A train of thought coming from: "we can't do ZKPs using sigma protocols or bulletproofs on chain, because we only have ECC operations against one generator (G)":

Imagine one of the very simplest things you can do with 2 generators: proof of discrete log equivalence or DLEQ for short. This is basically the simplest possible generalization of Schnorr; one secret, two bases. This requires two ephemeral commitments (the nonce k mult. the 2 generators) and only one scalar response (one "signature", if you like).

Of course, you can't verify such a thing on chain; you can't check sJ = R_2 + hash(..)Q where Q = xJ and P = xG. You can only verify the first version, w.r.t. G: sG = R + eP, which is ofc standard Schnorr, here bip340.

But .. is there a way adaptors could help? Because an adaptor is something you verify offchain, and so it isn't restricted to one base/ generator.

Imagine your goal is "unlock a payment only if P and Q have the same DL wrt G, J" (yes I know, bizarre, but I'm fumbling towards the first sentence, here).

Obviously if we're including "verify something offchain before taking an action", we'll find it sanest to stick to a 2 party protocol first.

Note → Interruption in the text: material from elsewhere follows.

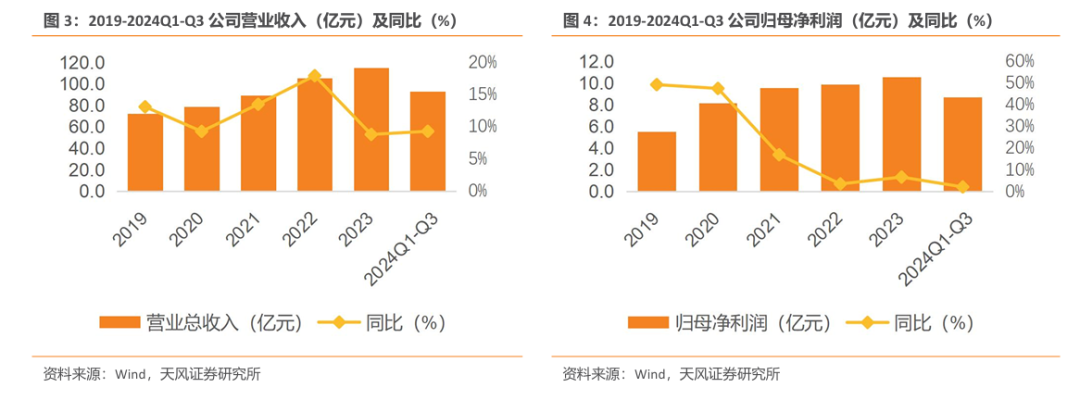 公司收入稳步增长,利润表现优于收入。公司收入从2019年的72.1亿元增长至2023年的114.7 亿元,期间CAGR达12.31%,归母净利润同期从5.5亿元增长至10.6亿元,期间CAGR达17.51%,增速远高于收入。2024Q1-Q3公司保持积极的发展势头,实现营业收入92.90 亿元(yoy+9.30%),实现归属上市公司股东的净利润8.70亿元(yoy+2.15%)

Let's see:

1. Alice sends Bob P, Q, R1, R2 (having calculated from a random k, R1 = kG, R2 =kJ, and already knowing x_a s.t. Q=x_a J and P=x_a G); her private key is x_a

2. Alice pays into a 2-2 multisig with Bob, where her key is P, and the aggregate key is Pagg, with U1. When Alice signs it (not yet), the signature will look like:

s_a = k1 + H(R_agg + T, Pagg, txmsg_U1)x_a

Notice the +T which will be for an adaptor that Alice adds. This process is already well understood for Schnorr multisig. I am glossing over Musig related details, claiming they don't change the following.

3. Alice provides an adaptor over J for ``spending'' U1. Before writing this out, consider: we want the s-value to be the same over J as it is over G. This is problematic, because the s value comes from a structure that is basically : s = k + e*x, where e is the hash, and as per bip340, that hash *must* be exactly: H(R, P, m) where P is the onchain key, R is the onchain nonce and m is the actual transaction message. So if we do things naively, i.e. make an adaptor over the J base like:

s'J = R2 + H(R2+T, Q, message)Q

.. then we're going to fail to create the desired scenario: that the real signature 's' is the same between the J and G bases. In order to solve this we have to play a trick. We don't change the nonce or public key fields in the hash at all, i.e. we do:

s' = k2 + H(R_agg + T, Pagg, txmsg_U1)x

and have Bob verify:

s'J =?= R2 + H(R_agg + T, Pagg, txmsg_U1)Q

Superficially that is unsound; the reason is that such signatures can be forged if the corresponding nonce point R2 is not fixed into the hash/FS challenge, which it appears it isn't (also not "key-prefixing" by including the public key, here Q, in the same challenge is, at the least, problematic). However this can be solved, albeit in an unorthodox way: include both R2 and Q, which are curve points, as data inside the bitcoin transaction! (spending U1). It will just be "dead" data (e.g. OP_DROP) because you won't be able to sign against them; they use the wrong basepoint, but it is still easy).

4. Bob verifies this adaptor using (to repeat): s'J =?= R2 + H(R_agg + T, Pagg, txmsg_U1)Q.

5. Now Bob knows that if he sees the valid s for this equation, he gets the private key t of T w.r.t. J. Importantly, he also knows that if that one s corresponds to the s that is needed to spend U1, then Q and P have the discrete log equivalence property we are proving. But simply convincing Bob of a fact like that is uninteresting in itself; you can do that by simply directly sending him ZKPs of various types. So, :

6. Alice also provides offchain a DLEQ proof that T = tJ and T2 = tG

7. Alice makes another adaptor on a payment of another utxo U2, using the same t: s'_2 = k_3 + H(R_3 + T2, P2, m)P2.

8. Bob now knows that if U1 is spent, it reveals s, proves that DL Q/J = P/G, and that he can spend U2 using s_2 = s'_2 + t, having extracted t from s - s', and knowing that that t value corresponds to T2.

This could be seen as "just an adaptor based atomic swap with a bunch of extra steps", but I'd call it more "atomic swap gated by DLEQ", i.e. it will fail unless Q/J = P/G holds.